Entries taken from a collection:
=== Section Start ===

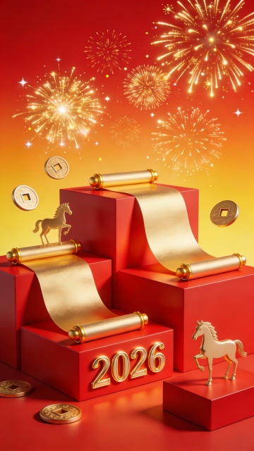 3D写实风,视觉中心是一台老虎机造型装置(悬空,正面视角,金属材质金红配色,机器上装饰“2026”立体数字、小金马,机器中部装饰“Happy New Year”黄色小字,机器底部吐出大量金币),机器滚轮区转出图中商品。背景是红色光泽幕布,周围散落金色碎片。顶部金色3D灯牌标题“加马年货节”,副标题3d金色小字“全场满200减100”。
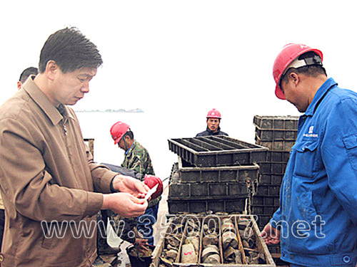2010年5月7日交通部门勘探船在琅岐岸边作业,高洪霖登船察观看江底岩心取样。
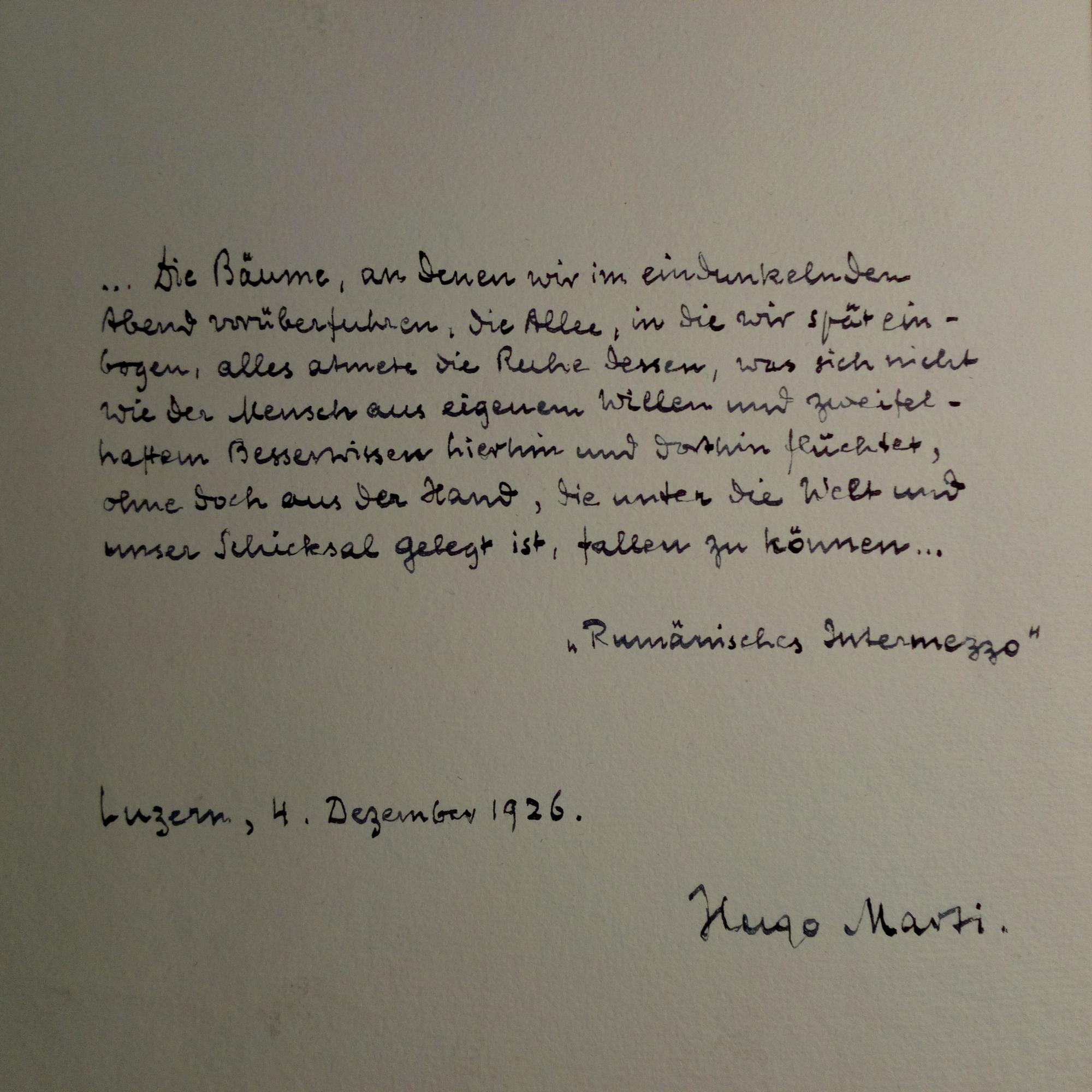 1893-1937, schweiz. Schriftst. - 4°-Blatt mit e. längerem Zitat (aus "Rumänisches Intermezzo") m. U., Luzern 4.12.1926, dekorativ.
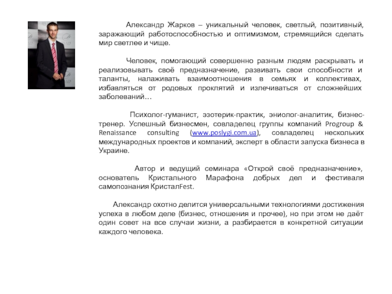 Слайд 13 Александр Жарков – уникальный человек, светлый,
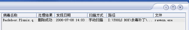 我今天手动查杀病毒!报告发现称ravmsn.exe是病毒!咋回事呀!难道瑞星的专杀软件里隐藏后门程序吗!不解!!!
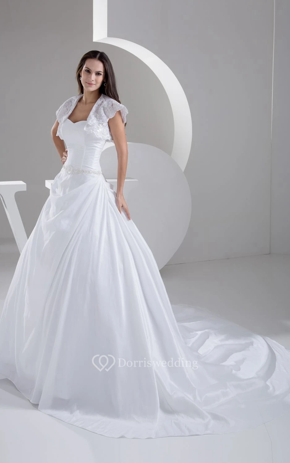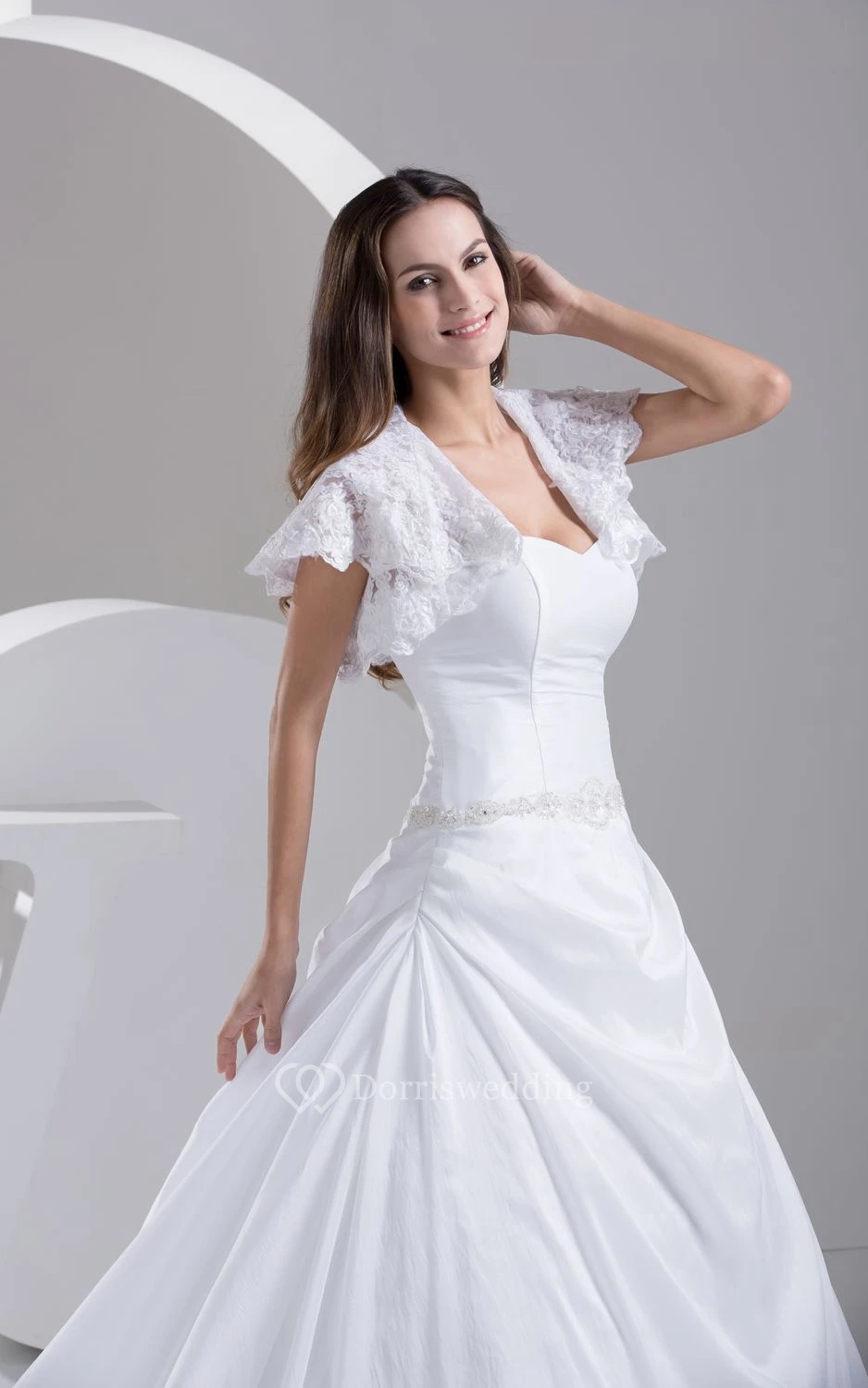 Exquisite Ruched A-Line Gown With Beading and Jacket
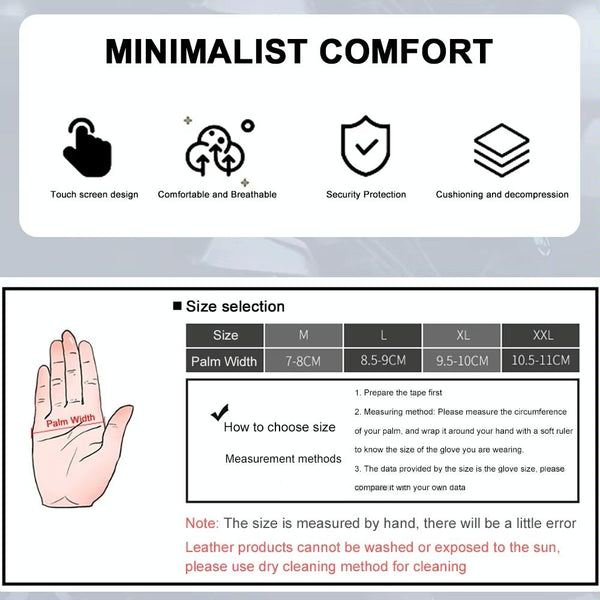 7. Palm width size: M 7-8cm; L 8.5-9cm; XL9.5-10cm; XXL10.5-11cm
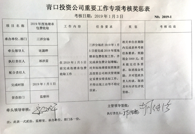 【表單考核】青口投資公司重要工作專項(xiàng)考核獎懲表
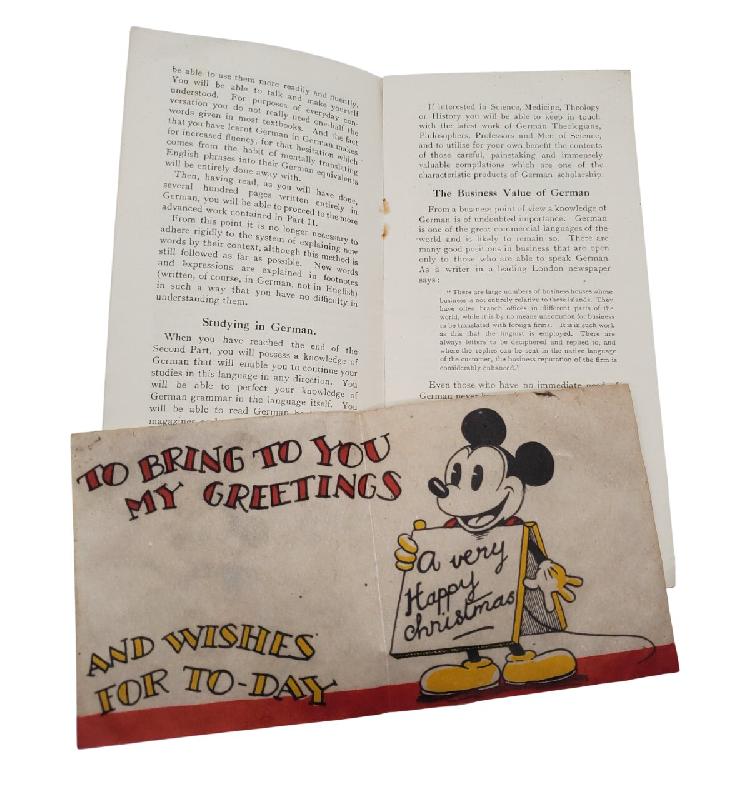 Et une carte de joyeux noël de Disney avec un mickey. En état d'usage. Couleurs vives.
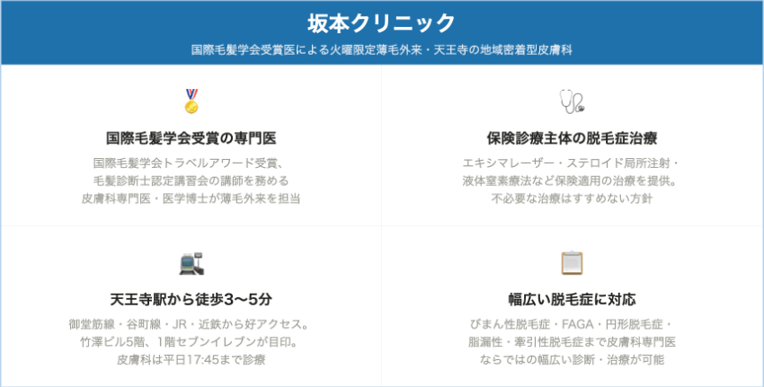 保険診療での脱毛症治療を望む方には坂本クリニックが唯一の対応院です。
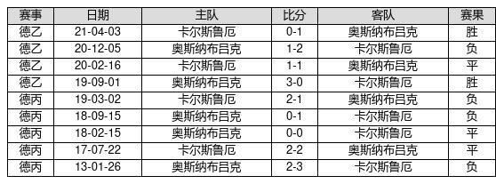 奥斯纳布吕克 VS 卡尔斯鲁厄两队近10年的交战次数为9场,奥斯纳布吕克2胜3平4负,赢球概率为22.2%,平局概率为33.3%,输球概率为44.4%。
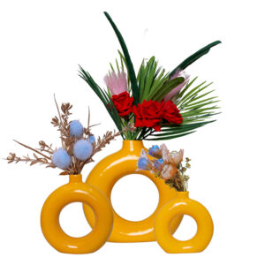 Donut-Shaped Flower Vases for Home Decor, Set of 3 (Yellow) Polyresin – 8 Inch
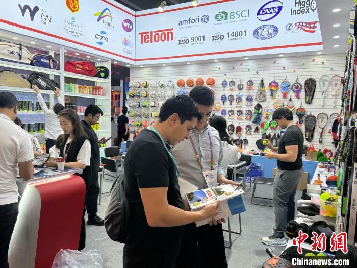 浙江天龍網(wǎng)球股份有限公司副總經(jīng)理李國華介紹:“我們帶來了近年來在歐美地區(qū)興起的匹克球產(chǎn)品,這款融合了多項(xiàng)球類運(yùn)動(dòng)元素的新潮運(yùn)動(dòng)產(chǎn)品受到了不少海外客戶的青睞?!?/p>
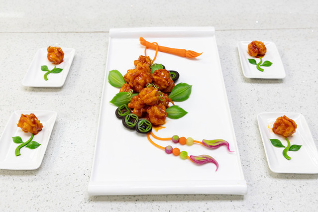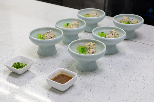 活动中,烹饪学院教师王庆泉进行厨艺演示,制作了学校入选的青岛市第六批市级非物质文化遗产代表作品“山东蒸丸”和“茄汁虾仁”两道美食,展示出万象城官网烹饪专业的传承与创新,得到了双方的一致好评。
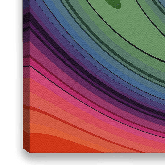 Ein wenig an Pop-Art erinnernd, sind Farbbänder in einem Teil des Regenbogenfarbspektrums - von Orange über Grün und Blau bis hin zu Violett und Schwarz - zu einer teilweise gezeigten Spirale verzwirbelt, was ein dynamisches abstraktes Bild ergibt.
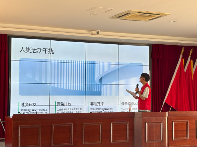 宣講前,團隊成員分發調查問卷,調研居民濕地認知情況;宣講中,宣講人以“濕地是什么”為切入點,重點圍繞“濕地三大功能”“人類活動影響”“本地典型濕地”等內容展開講解,向居民清晰介紹濕地類型、生態價值與保護困境,并結合圖示和案例提高參與性。
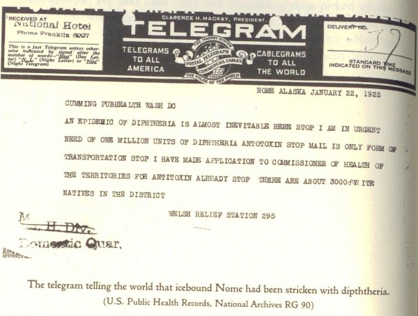 Y en esas estaban cuando en enero de 1925 Curtis Welch, a la sazón el único médico de Nome, diagnosticó un caso de difteria. La difteria es extremadamente contagiosa, y en aquella época la mortalidad era del 50% o más entre la población joven y anciana, y prácticamente del 100% entre los menores de 5 años. Durante el mes de diciembre dos niños nativos habían fallecido supuestamente de amidgalitis, mal diagnosticada y confundida con la difteria. Cuatro más fallecieron sin llegar a visitar al médico, con síntomas similares. El día 20 de enero el doctor diagnosticó el primer caso confirmado. El panorama, con cientos de niños y una bacteria que puede resistir semanas fuera del cuerpo humano, no podía ser más desalentador. Para colmo, las antitoxinas contra la difteria habían caducado, y aunque el médico había pedido más a Juneau (la capital de Alaska) las antitoxinas no llegaron a tiempo antes del cierre del puerto.
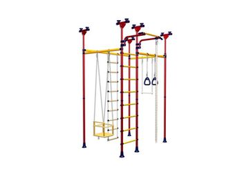 омплекс представляет собой сборно-разборную металлическую 5-опорную конструкцию. Крепится враспор между полом и потолком. Металлическая шведская стенка с мягкими обрезиненными перекладинами — Возможные цвета: сине-желтый, зелено-желтый, красно-желтый — Крепление: враспор между потолком и полом Комплектация: — трапеция — веревочная лестница — кольца гимнастические — канат — качели
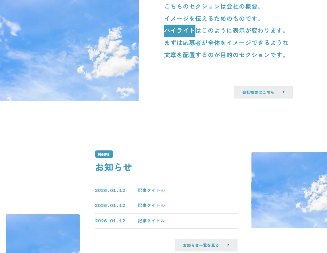 ベースはテンプレートですが、企業ごとに内容やトーンに合わせてデザインを調整します。 その場しのぎの構成ではなく、複数の案件を通して検証・改善を重ねてきた、onWhite独自の設計をもとにしたテンプレートです。
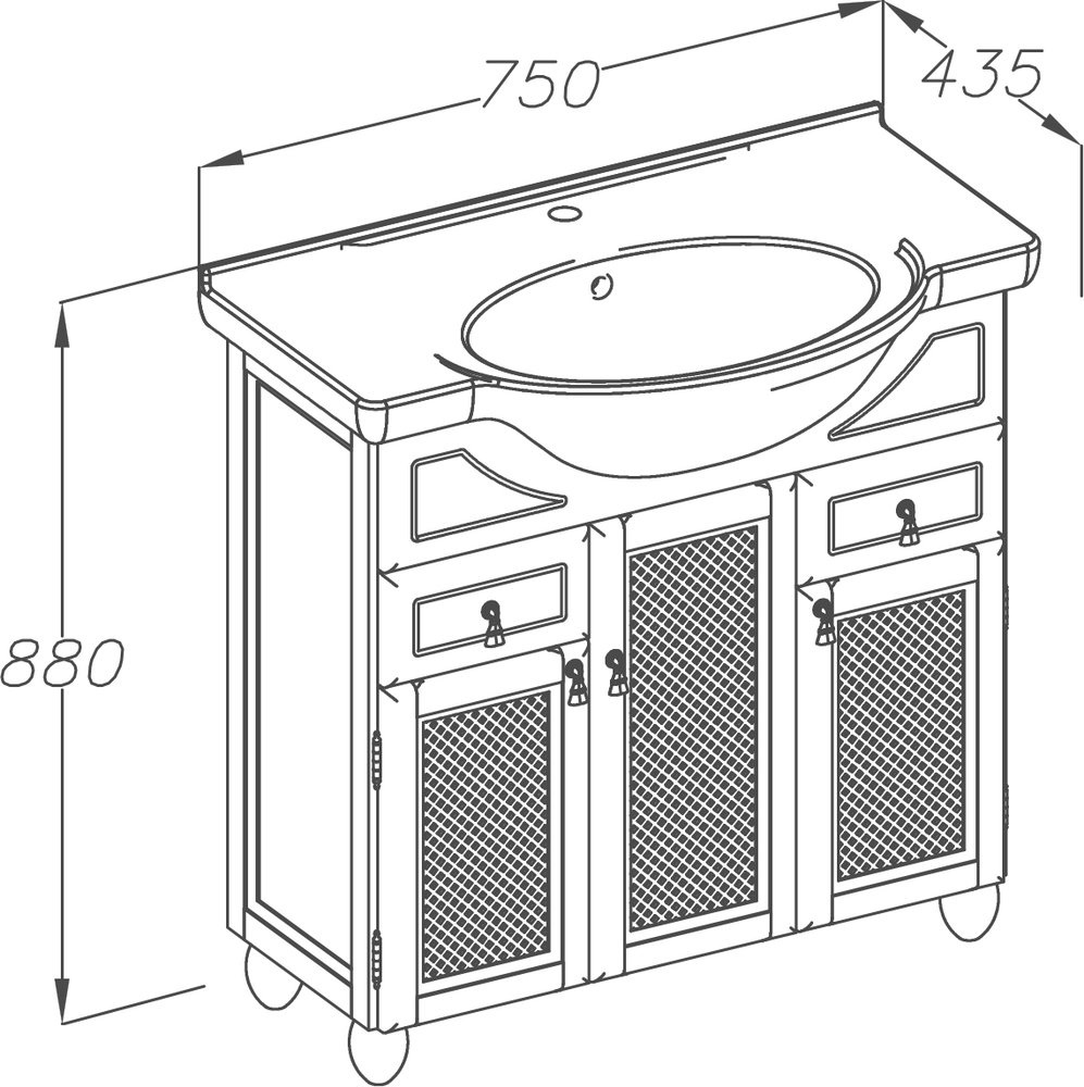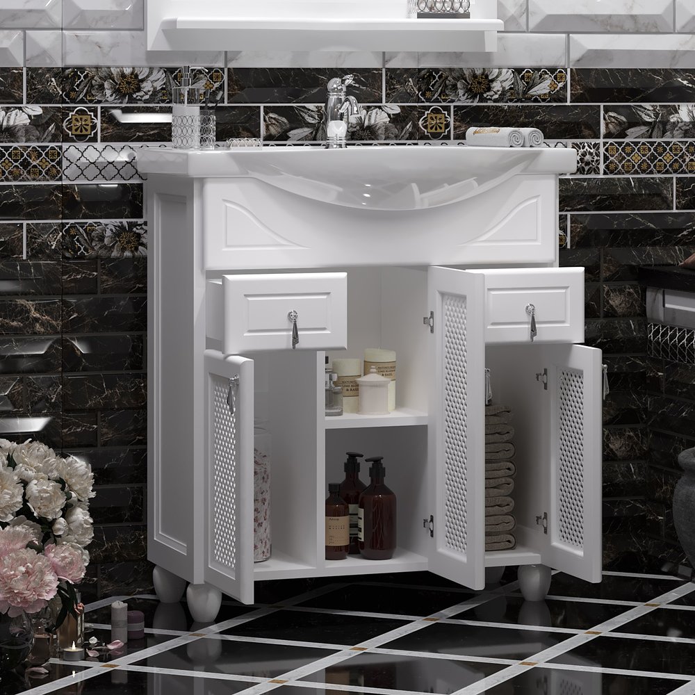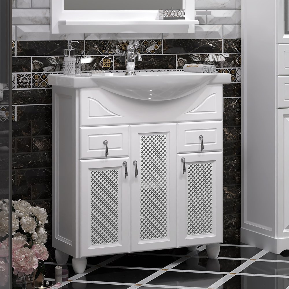 Тумба с раковиной Opadiris Тибет 75 с декоративной решеткой, белая матовая

=== Section End ===

TO DO: All of the data above should be transcribed verbatim, with pictures omitted.

SOLVED EXERCISE:
 3D写实风,视觉中心是一台老虎机造型装置(悬空,正面视角,金属材质金红配色,机器上装饰“2026”立体数字、小金马,机器中部装饰“Happy New Year”黄色小字,机器底部吐出大量金币),机器滚轮区转出图中商品。背景是红色光泽幕布,周围散落金色碎片。顶部金色3D灯牌标题“加马年货节”,副标题3d金色小字“全场满200减100”。
2010年5月7日交通部门勘探船在琅岐岸边作业,高洪霖登船察观看江底岩心取样。
 1893-1937, schweiz. Schriftst. - 4°-Blatt mit e. längerem Zitat (aus "Rumänisches Intermezzo") m. U., Luzern 4.12.1926, dekorativ.
 Слайд 13 Александр Жарков – уникальный человек, светлый,
 我今天手动查杀病毒!报告发现称ravmsn.exe是病毒!咋回事呀!难道瑞星的专杀软件里隐藏后门程序吗!不解!!!
 Exquisite Ruched A-Line Gown With Beading and Jacket
 7. Palm width size: M 7-8cm; L 8.5-9cm; XL9.5-10cm; XXL10.5-11cm
 【表單考核】青口投資公司重要工作專項(xiàng)考核獎懲表
 Et une carte de joyeux noël de Disney avec un mickey. En état d'usage. Couleurs vives.
 保険診療での脱毛症治療を望む方には坂本クリニックが唯一の対応院です。
 奥斯纳布吕克 VS 卡尔斯鲁厄两队近10年的交战次数为9场,奥斯纳布吕克2胜3平4负,赢球概率为22.2%,平局概率为33.3%,输球概率为44.4%。
 Donut-Shaped Flower Vases for Home Decor, Set of 3 (Yellow) Polyresin – 8 Inch
 浙江天龍網(wǎng)球股份有限公司副總經(jīng)理李國華介紹:“我們帶來了近年來在歐美地區(qū)興起的匹克球產(chǎn)品,這款融合了多項(xiàng)球類運(yùn)動(dòng)元素的新潮運(yùn)動(dòng)產(chǎn)品受到了不少海外客戶的青睞?!?/p>
 活动中,烹饪学院教师王庆泉进行厨艺演示,制作了学校入选的青岛市第六批市级非物质文化遗产代表作品“山东蒸丸”和“茄汁虾仁”两道美食,展示出万象城官网烹饪专业的传承与创新,得到了双方的一致好评。
 Ein wenig an Pop-Art erinnernd, sind Farbbänder in einem Teil des Regenbogenfarbspektrums - von Orange über Grün und Blau bis hin zu Violett und Schwarz - zu einer teilweise gezeigten Spirale verzwirbelt, was ein dynamisches abstraktes Bild ergibt.
 宣講前,團隊成員分發調查問卷,調研居民濕地認知情況;宣講中,宣講人以“濕地是什么”為切入點,重點圍繞“濕地三大功能”“人類活動影響”“本地典型濕地”等內容展開講解,向居民清晰介紹濕地類型、生態價值與保護困境,并結合圖示和案例提高參與性。
 Y en esas estaban cuando en enero de 1925 Curtis Welch, a la sazón el único médico de Nome, diagnosticó un caso de difteria. La difteria es extremadamente contagiosa, y en aquella época la mortalidad era del 50% o más entre la población joven y anciana, y prácticamente del 100% entre los menores de 5 años. Durante el mes de diciembre dos niños nativos habían fallecido supuestamente de amidgalitis, mal diagnosticada y confundida con la difteria. Cuatro más fallecieron sin llegar a visitar al médico, con síntomas similares. El día 20 de enero el doctor diagnosticó el primer caso confirmado. El panorama, con cientos de niños y una bacteria que puede resistir semanas fuera del cuerpo humano, no podía ser más desalentador. Para colmo, las antitoxinas contra la difteria habían caducado, y aunque el médico había pedido más a Juneau (la capital de Alaska) las antitoxinas no llegaron a tiempo antes del cierre del puerto.
 омплекс представляет собой сборно-разборную металлическую 5-опорную конструкцию. Крепится враспор между полом и потолком. Металлическая шведская стенка с мягкими обрезиненными перекладинами — Возможные цвета: сине-желтый, зелено-желтый, красно-желтый — Крепление: враспор между потолком и полом Комплектация: — трапеция — веревочная лестница — кольца гимнастические — канат — качели
 ベースはテンプレートですが、企業ごとに内容やトーンに合わせてデザインを調整します。 その場しのぎの構成ではなく、複数の案件を通して検証・改善を重ねてきた、onWhite独自の設計をもとにしたテンプレートです。
 Тумба с раковиной Opadiris Тибет 75 с декоративной решеткой, белая матовая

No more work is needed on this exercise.